Anche questa volta, Magnier si è preso la vittoria davanti al compagno di squadra Luke Lamperti, l'altro gioiello di questo inizio di 2024 della Soudal Quick-Step, che con il secondo posto è salito in testa alla classifica generale davanti a Fisher-Black. Per lo statunitense classe 2002 è il terzo secondo posto negli ultimi quattro giorni di corsa, dopo la Muscat Classic e la tappa di ieri, in cui si è dimostrato un corridore più versatile di quanto si potesse pensare.
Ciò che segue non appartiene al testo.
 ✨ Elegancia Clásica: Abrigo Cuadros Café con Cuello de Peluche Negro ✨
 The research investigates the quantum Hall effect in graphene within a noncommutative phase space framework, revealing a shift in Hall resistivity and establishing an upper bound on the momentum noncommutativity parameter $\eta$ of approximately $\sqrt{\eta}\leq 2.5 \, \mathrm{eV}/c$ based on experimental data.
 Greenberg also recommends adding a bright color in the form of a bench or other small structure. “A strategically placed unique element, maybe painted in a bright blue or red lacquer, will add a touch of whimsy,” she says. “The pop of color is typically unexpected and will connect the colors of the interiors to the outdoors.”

Luke Lamperti nuovo leader della classifica generale ©Tour of Oman
Luke Lamperti nuovo leader della classifica generale ©Tour of Oman

Tappa accorciata

La terza tappa del Tour of Oman sarebbe dovuta terminare sulla Eastern Mountain (4.6 km all'8.5%), ma a causa delle forti piogge di questi giorni l'organizzazione ha deciso di accorciare la tappa per garantire la sicurezza dei corridori, dopo che già l'arrivo era stato reso molto insidioso dalle condizioni estreme. Una tappa che sulla carta doveva essere adatta agli scalatori diventa dunque un'occasione per i velocisti resistenti, con arrivo in leggera salita ad Al Bustan dopo 76 chilometri.
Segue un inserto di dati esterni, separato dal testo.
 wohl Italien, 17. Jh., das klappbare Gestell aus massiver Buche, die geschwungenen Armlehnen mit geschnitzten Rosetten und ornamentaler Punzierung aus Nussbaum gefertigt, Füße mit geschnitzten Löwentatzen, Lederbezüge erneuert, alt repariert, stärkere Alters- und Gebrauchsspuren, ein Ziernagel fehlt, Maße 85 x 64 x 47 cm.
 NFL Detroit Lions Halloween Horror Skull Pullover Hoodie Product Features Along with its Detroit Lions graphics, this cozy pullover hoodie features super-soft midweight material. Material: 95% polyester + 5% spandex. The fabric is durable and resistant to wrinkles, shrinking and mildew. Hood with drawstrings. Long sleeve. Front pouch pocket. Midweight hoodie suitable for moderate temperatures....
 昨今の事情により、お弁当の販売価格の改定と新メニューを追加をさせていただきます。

Nella fuga iniziale ci sono David Delgado (Burgos BH), Ariya Phounsavath (Roojai Insurance), Mohammed Al Wahibi (Oman) e Anton Palzer (Bora-Hansgrohe). Il tedesco riesce poi ad andarsene da solo a una ventina di chilometri dal traguardo, e riesce a resistere a lungo al rientro del gruppo, tirato principalmente dalla Soudal Quick-Step e dal UAE Team Emirates, che difende la maglia di leader.

Palzer viene ripreso a una decina di chilometri dal traguardo, ma negli ultimi chilometri c'è ancora spazio per qualche tentativo di late attack. Ci prova il giovane Munther el Hsani, in gara con la selezione nazionale di casa, ma ai -3.5 viene ripreso. Il gruppo rimane però piuttosto allungato, e questo avvicinamento convulso alla rampa finale costa caro ai velocisti più puri come Fabio Jakobsen e Caleb Ewan, tagliati fuori dai giochi per la vittoria.
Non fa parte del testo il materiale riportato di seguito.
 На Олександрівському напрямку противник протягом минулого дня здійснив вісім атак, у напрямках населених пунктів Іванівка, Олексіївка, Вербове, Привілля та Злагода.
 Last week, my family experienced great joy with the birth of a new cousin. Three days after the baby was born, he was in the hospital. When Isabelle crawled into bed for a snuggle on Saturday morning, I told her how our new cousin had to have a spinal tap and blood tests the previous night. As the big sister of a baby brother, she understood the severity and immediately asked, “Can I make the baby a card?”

Doppia vittoria del Wolfpack

Nell'ultimo chilometro la Uno-X Mobility si porta davanti in blocco per favorire la volata di Alexander Kristoff, ma nemmeno il norvegese avrà le migliori gambe nel finale. Negli ultimi 200 metri, dopo il tratto più duro della salita, prova a farsi spazio Bryan Coquard, il francese della Cofidis viene surclassato dal giovane connazionale Magnier riesce a prendere la testa e a tenere un buon margine fino al traguardo, con Lamperti alla sua ruota ad esultare per la vittoria del compagno e il secondo posto che gli vale il sorpasso su Fisher-Black in classifica generale.

Un'altra dimostrazione di grande potenza su questo tipo di arrivi per i due giovani del Wolfpack, che domani potranno riprovarci sull'arrivo di Yitti Hills, su uno strappo un po' più lungo e impegnativo di quello di oggi. Potrebbe essere un'altra occasione per Lamperti, che ora ha lo stesso tempo di Fisher-Black ma è davanti in classifica in virtù dei piazzamenti, mentre alle loro spalle la classifica non cambia, con Diego Ulissi che mantiene la terza posizione.